Mom’s and my Aunt Renee’s.

“Are you all right? Everything okay?” I blurt out, scanning the corners of the room like I expect to find, what? A medieval rabbit assassin crouched behind the oxygen tank?

All I see are dust bunnies.

Which feels less funny than it should.

Mom raises her brows. “Of course we are, dear.” She gives me a pointed look. “Are you okay?”

“Okay!” I repeat, too high, too fast, a smile stretched painfully across my face. “Yep. Totally fine. Have you, um…seen anything strange? Noticed anything unusual today?”

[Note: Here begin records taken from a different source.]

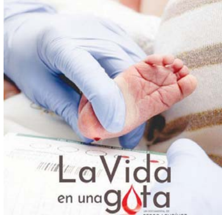
Cartel anunciador de la película 'La vida en cada gota'.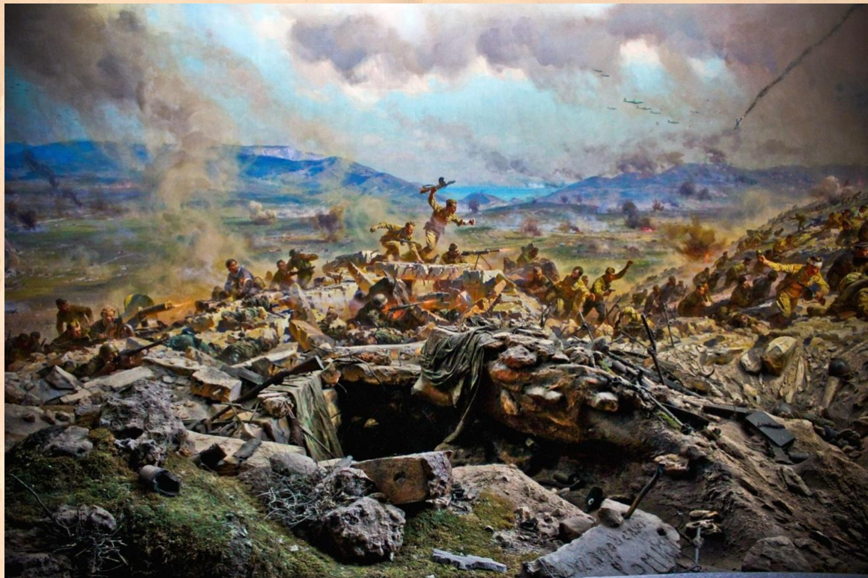
ДЕЙСТВИЯ ВЗВОДА РАЗВЕДКИ, ГДЕ СЛУЖИЛ Ф.Ф. СЛИПЧЕНКО, ПОКАЗАНЫ НА ДИОРАМЕ «ШТУРМ САПУН-ГОРЫ 7 МАЯ 1944 ГОДА»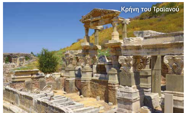
Κρήνη του Τραϊανού

Στο τέλος της ξενάγησής μας έχουμε χρόνο και για λίγο ...shopping. Επιλέξτε χαλιά, κοσμήματα, δερμάτινα είδη και αναμνηστικά.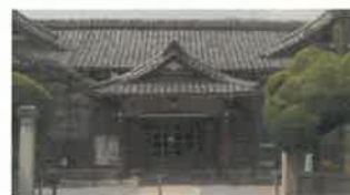
↑郷土資料館計画地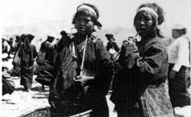
市集中的「野作」(今僂族)

人類常以身體特徵，如膚色、頭髮、眼睛等來區分彼此。在體質無明顯差異的人群間，所謂「身體特徵」也包括對身體的刻意改變，如紋身、拔牙、穿鼻與拉大耳垂等等。在人類社會中，更普遍的是以服飾作為身體的延伸；由服飾來表達人與人間、人群與人群間的認同與區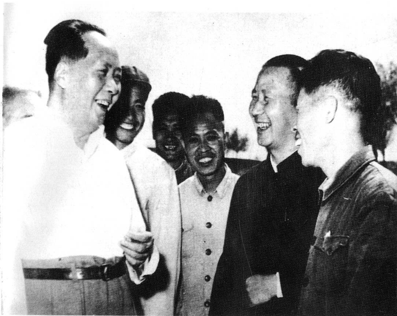
1959年9月19日，毛泽东主席视察西郊区杨庄子管理区稻田

The women exchange a look.

“Nothing,” Aunt Renee says slowly.

“What is it, Nora?” Mom asks. “You seem…flustered.” Understanding dawns in her eyes. “Is it about Seth and Easter weekend at his parents’ house? You know you don’t have to worry about me. Renee will be here.”

“About that—” I freeze and almost tell her about the breakup.

Almost.

Instead, a different plan slides into place. Probably unnecessary. Definitely overkill. But on the off chance Sorren isn’t completely bonkers…

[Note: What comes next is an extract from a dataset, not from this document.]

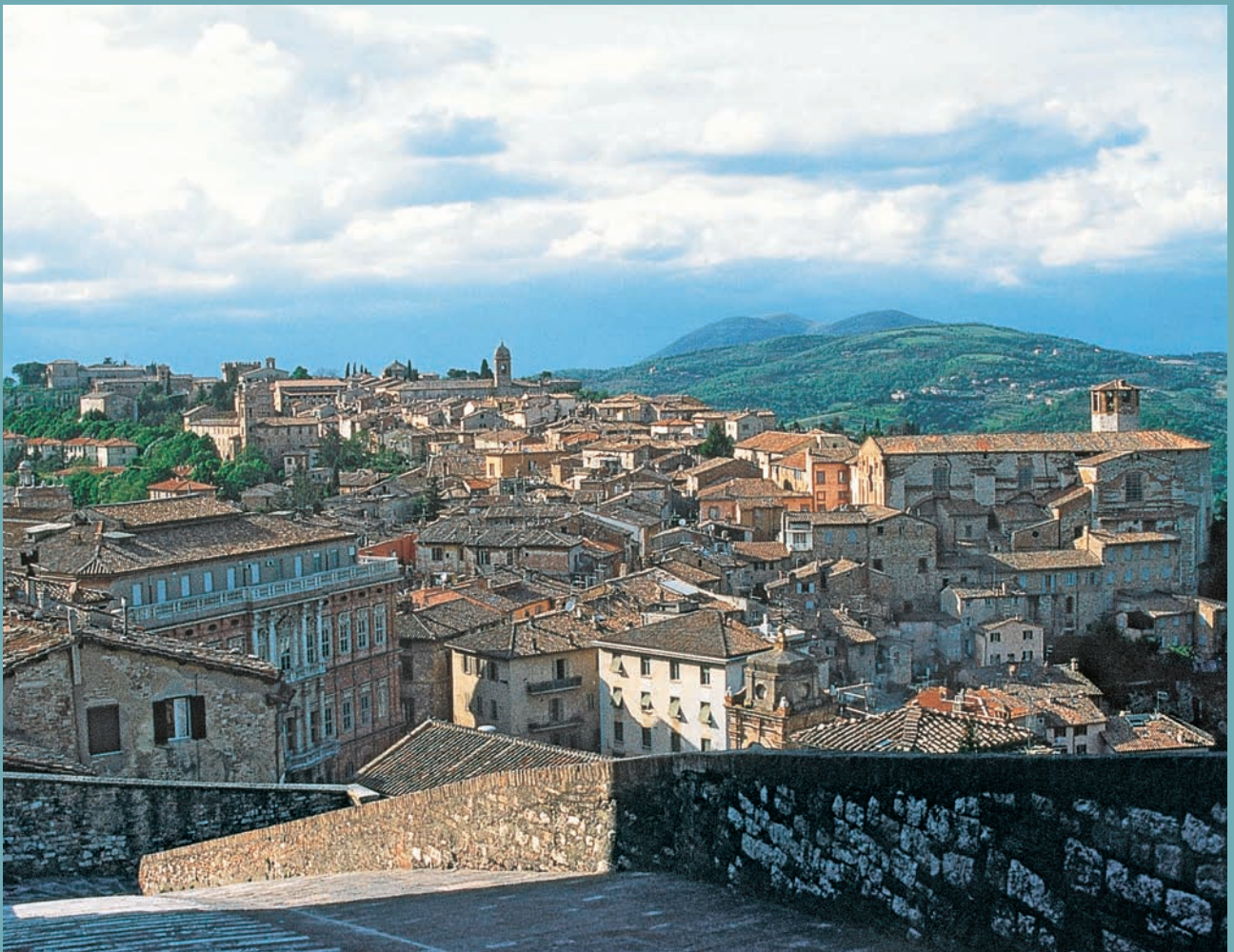
SUPERBE VILLAGE DE OMBRIE, PÉROUSE - [ S. MALLEIN ]

[ PAR CHRISTIAN LOUBET, PROFESSEUR EN HISTOIRE DES ARTS ET DES MENTALITÉS (INSTITUT EUROPÉEN D'ART, NICE) ]

“I was thinking maybe you should stay at Aunt Renee’s this weekend. While I’m with Seth,” I say, forcing my voice to stay casual. “It’s better for you there. No stairs. What if you trip? Fall?”

Mom purses her lips. “Really? I think we’ll be fine here—”

“No,” I cut in, then wince. “It’s just…it would make me feel better. Please? For a couple of days?”

Mom studies me for a prolonged beat, then nods. “We could do that.”

My breath comes out in a relieved whoosh, which immediately turns sour.

I feel terrible pushing her like that. Especially when I know Mom will do almost anything I ask these days.

She’s told me over and over how sorry she is that I gave up my life in Colorado to come back to Maryland and be with her.

My little condo. Weekends on the trails. Nights out drinking overpriced microbrews with friends who knew me when things were easy.

I told her it didn’t matter. That she was more important than any of it. And I mean it.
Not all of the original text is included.